Stored data =>

_____

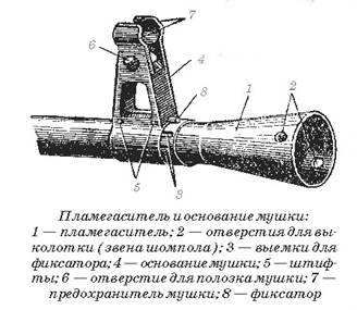 Пламегаситель и основание мушки: 1 - пламегаситель; 2 - отверстия для выколотки (звена шомпола); 3 - выемки для фиксатора; 4 - основание мушки; 5 - штифты; 6 - отверстие для полозка мушки; 7 - предохранитель мушки; 8 – фиксатор
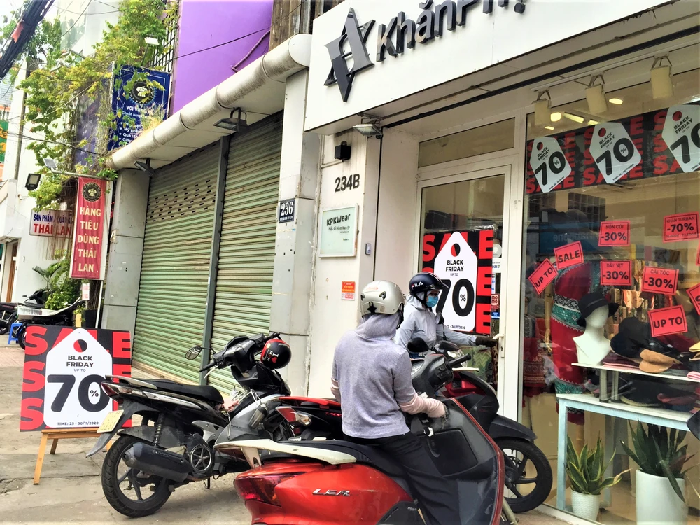 Ghi nhận tại các con đường kinh doanh quần áo thời trang, giày dép, va ly ở quận 3, quận Gò Vấp, Tân Bình...cho thấy đa số đều trưng quảng cáo khuyến mãi rất hấp dẫn với nhiều hình thức giảm giá 10-90%; mua ba tặng một, đồng giá.
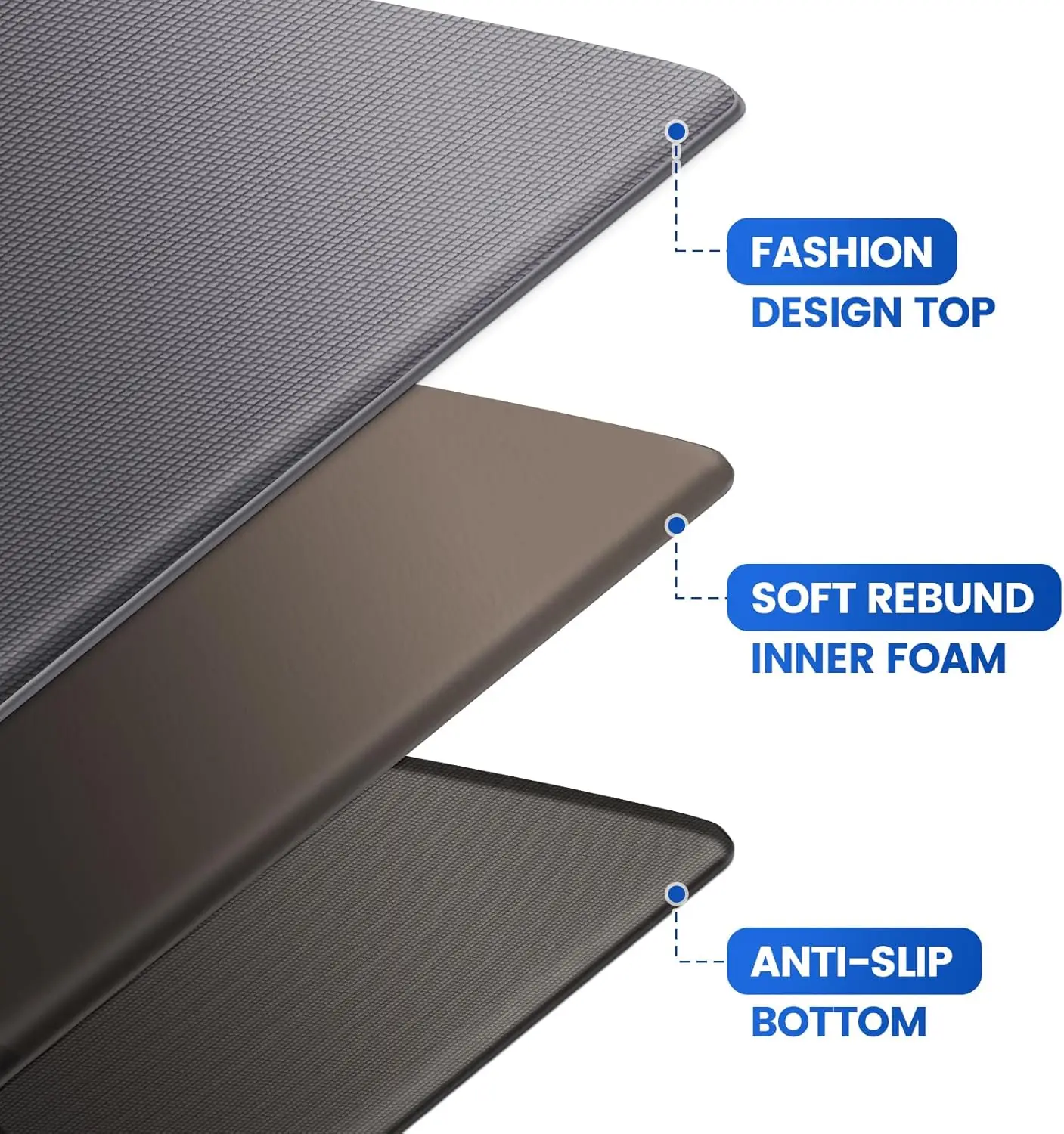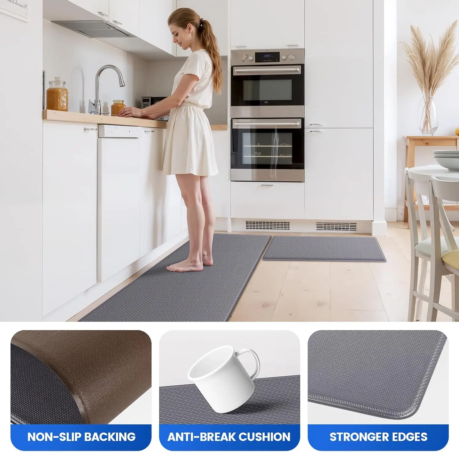 Enhance your kitchen and office spaces with our premium floor mats designed for comfort, safety, and durability. Key features include: 1. **Non-Slip & Anti-Fatigue Design**: These mats provide a secure grip to prevent slips and falls in wet or busy areas like kitchens. The cushioned surface reduces foot fatigue, making them ideal for long hours of standing while cooking or working in an office setting. 2. **Waterproof & Easy to Clean**: Made from high-quality materials that resist water absorption, these mats protect your floors from spills and stains. Simply wipe clean with a damp cloth or mild detergent for hassle-free maintenance. 3. **Comfortable Cushioning**: The thick padding offers excellent support and comfort underfoot, helping to alleviate pressure on joints during prolonged use in kitchens or offices. 4. **Versatile Use**: Perfect for placement in front of sinks, stoves, workstations, or any high-traffic area where you need extra protection and comfort. The neutral grey color blends seamlessly with various decor styles. 5. **Durable Construction**: Built to withstand daily wear and tear, these mats are long-lasting and retain their shape over time without flattening out. 6. **Set of 3 Pieces**: This value pack includes three mats, allowing you to cover multiple areas at once or have spares ready when needed. Upgrade your home or workspace today with these reliable floor mats that combine functionality with style.

_____

Only lines belong in the copy: transcribe those from the start of the data through the line that contains "Ghi nhận tại", and skip the pictures.

 Пламегаситель и основание мушки: 1 - пламегаситель; 2 - отверстия для выколотки (звена шомпола); 3 - выемки для фиксатора; 4 - основание мушки; 5 - штифты; 6 - отверстие для полозка мушки; 7 - предохранитель мушки; 8 – фиксатор
 Ghi nhận tại các con đường kinh doanh quần áo thời trang, giày dép, va ly ở quận 3, quận Gò Vấp, Tân Bình...cho thấy đa số đều trưng quảng cáo khuyến mãi rất hấp dẫn với nhiều hình thức giảm giá 10-90%; mua ba tặng một, đồng giá.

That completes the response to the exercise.